Os dados obtidos, se considerada a idade dos usuários, nos apontam a preponderância de um público relativamente jovem. No momento da realização da triagem, 97 (20,55%) usuários possuíam entre 18 a 22 anos; 97 (20,55%) entre 23 a 27 anos e 32 (13,56%) entre 28 e 32 anos. Há, para além disso, o decréscimo da procura por serviços psicológicos em tal instituição em função da idade dos usuários, como se pode constatar na Tabela 1:

Quanto ao estado civil declarado, 257 dos usuários declararam-se solteiros (54,44%); 151 casados (31,99%); 56 divorciados (11,86%) e 6 declaram-se viúvos (1,27%). Em dois casos (0,42%), a informação sobre estado civil não estava disponível.
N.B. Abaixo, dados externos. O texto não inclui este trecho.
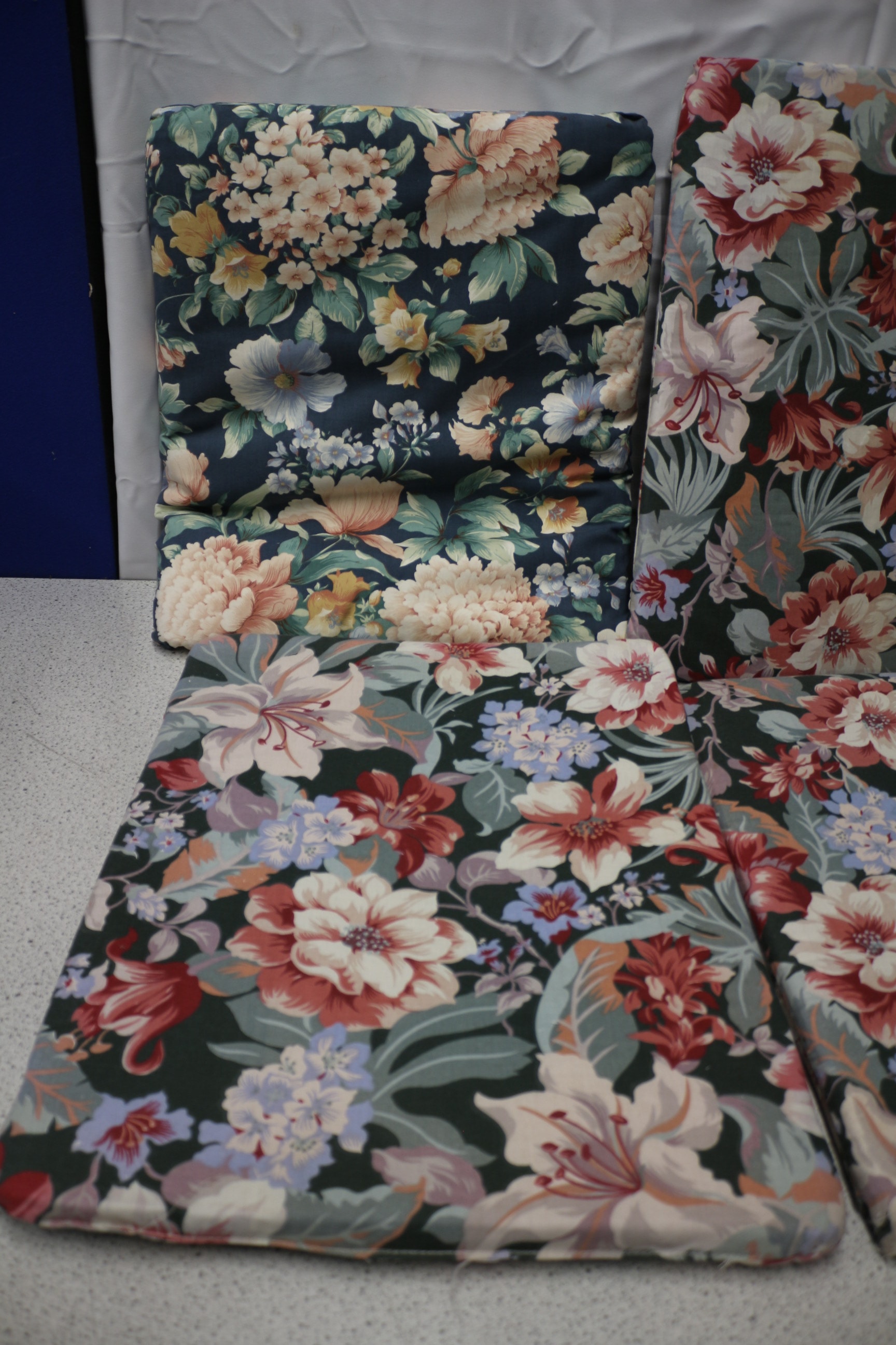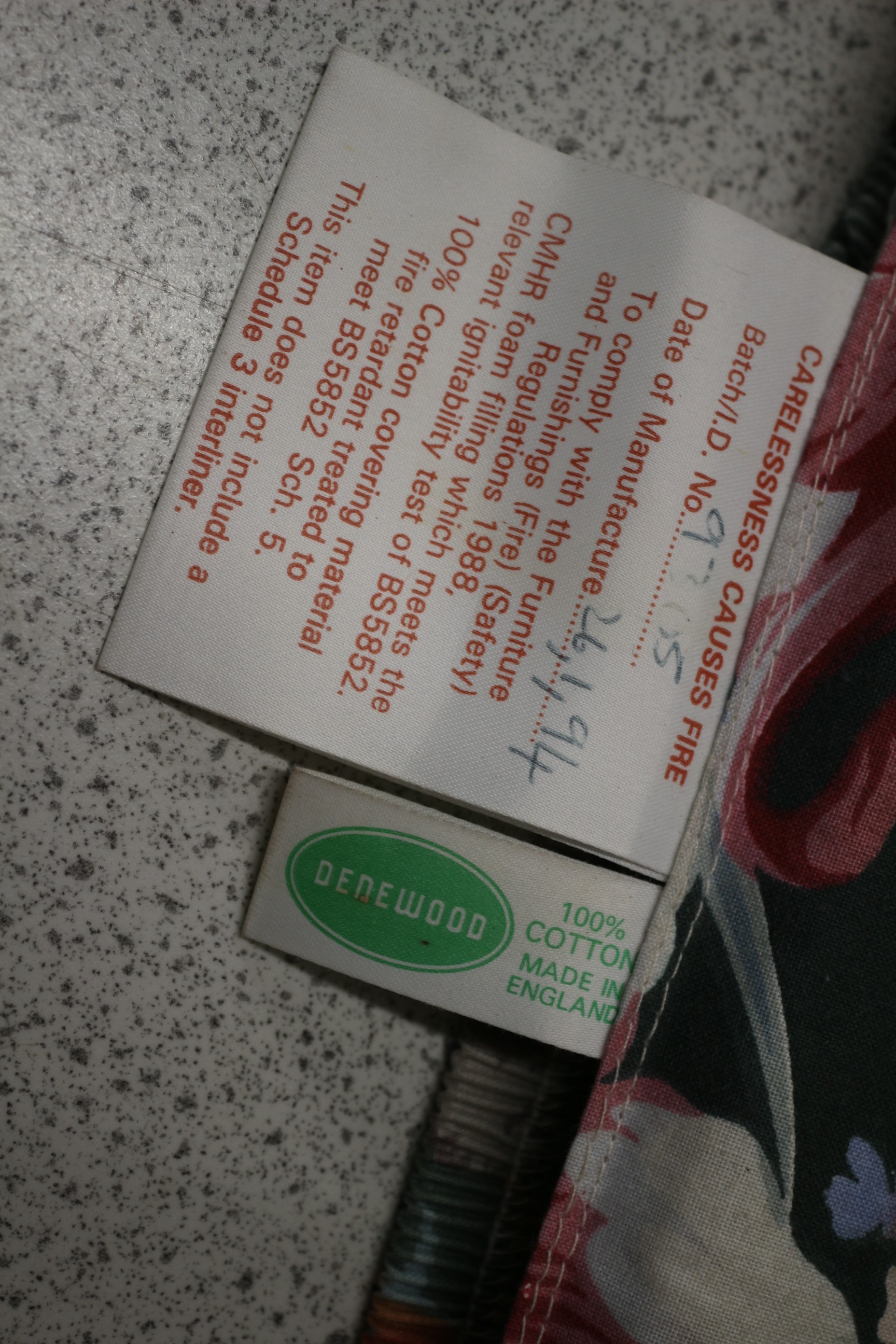 A set of six floral pattern cushions in dark green, red, pink, white, cream, peach, orange, yellow, and blue hues, with one cushion featuring a ‘DENEWOOD’ brand label stating ‘100% COTTON’ and ‘MADE IN ENGLAND, ‘ and a safety label dated ’26/4/94’ indicating compliance with UK fire regulations.

Notou-se, no que tange à escolaridade do público atendido, a predominância de uma população instruída: 128 pessoas com Ensino Superior incompleto (27,11%) e 129 pessoas com Ensino Superior completo (27,33%), totalizando 54, 44% da amostra, ou 257 pessoas. Além disso, 108 usuários (22,88%) já haviam completado o Ensino Médio. Apenas 95 usuários (20,13%) não haviam concluído o Ensino Médio, dentre estes, 50 usuários possuíam o Ensino Médio incompleto (10,59%), 15 possuíam o Ensino Fundamental completo (3,17%) e 30 usuários não haviam concluído o Ensino Fundamental (6,35%). Em 12 casos esta informação não estava disponível (2,54%).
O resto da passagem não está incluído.